Em Roma, os gatos são muito queridos de modo geral. Isso porque, em determinado período da História, houve um massacre de gatos. Mas logo depois ocorreu uma infestação de ratos pela cidade e, desde então, os romanos cuidam dos gatos e a Itália tem uma série de leis que os protegem.
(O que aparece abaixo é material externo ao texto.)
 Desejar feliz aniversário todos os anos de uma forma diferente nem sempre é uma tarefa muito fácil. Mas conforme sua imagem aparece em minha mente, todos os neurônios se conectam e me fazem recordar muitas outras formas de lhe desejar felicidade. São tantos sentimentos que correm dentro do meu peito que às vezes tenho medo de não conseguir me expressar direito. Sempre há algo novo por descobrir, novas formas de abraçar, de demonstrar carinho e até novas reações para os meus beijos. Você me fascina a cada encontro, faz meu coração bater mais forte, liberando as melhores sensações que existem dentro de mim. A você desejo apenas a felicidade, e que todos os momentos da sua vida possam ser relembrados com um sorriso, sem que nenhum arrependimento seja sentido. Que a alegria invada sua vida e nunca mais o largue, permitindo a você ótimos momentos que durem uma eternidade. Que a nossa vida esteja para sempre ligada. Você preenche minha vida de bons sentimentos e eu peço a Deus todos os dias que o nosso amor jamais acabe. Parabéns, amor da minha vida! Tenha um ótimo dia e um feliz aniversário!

Mas a relação de Ratzinger com os gatos é anterior ao período em que começou a trabalhar no Vaticano como cardeal, em 1982. Quando criança, ele brincava com vários no jardim de sua casa na Alemanha, que, inclusive, tem uma estátua de felino. Sua família tinha alguns gatos e também os vizinhos.
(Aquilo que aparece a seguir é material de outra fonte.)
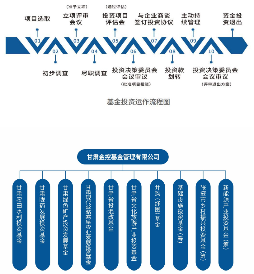 目前,已设立甘肃现代丝路寒旱农业发展投资基金、甘肃农田水利投资基金、甘肃省文化旅游产业投资基金、甘肃陇药发展投资基金、甘肃绿色矿产投资发展基金、甘肃省投混改基金等 6 只基金,各类基金投资运营管理业务开展有序。

O mais famoso gato que passou pelo vida de Bento XVI se chama Chico (em alemão fica “Kico”). De acordo com a agência de notícias Rome Reports, Chico pertencia aos vizinhos da frente de Joseph Ratzinger, em Pentling, na Alemanha. Por algum tempo, Chico viveu com Ratzinger, mas voltou a morar com o casal Rupert e Therese Hofbauer quando Ratzinger se mudou de lá. Por muitas vezes, Joseph Raztinger voltou para visitá-lo, mas parece que desde que se tornou Papa não retornou mais.

A história de Bento XVI e Chico ficou conhecida internacionalmente quando Chico escreveu um livro infantil sobre a história de vida de Joseph Ratzinger, a primeira biografia autorizada deste Papa. Se chama Joseph e Chico: a vida do Papa Bento XVI contada por um gato.

Não se assuste, o livro é assinado pelo gato mesmo! Mas é claro que o Chico precisou de uma força. A jornalista Jeanne Perego o “auxiliou” e as ilustrações são de Donata Dal Molin Casagrande. Não encontrei versão em português, mas no Amazon tem em inglês.

Na ocasião da publicação do livro, em 2008, Chico tinha 10 anos. Se ainda estiver vivo, agora está com 14. Não consegui descobrir se ele já morreu ou não, mas seu twitter (sim, ele tem um twitter) está parado desde 2010.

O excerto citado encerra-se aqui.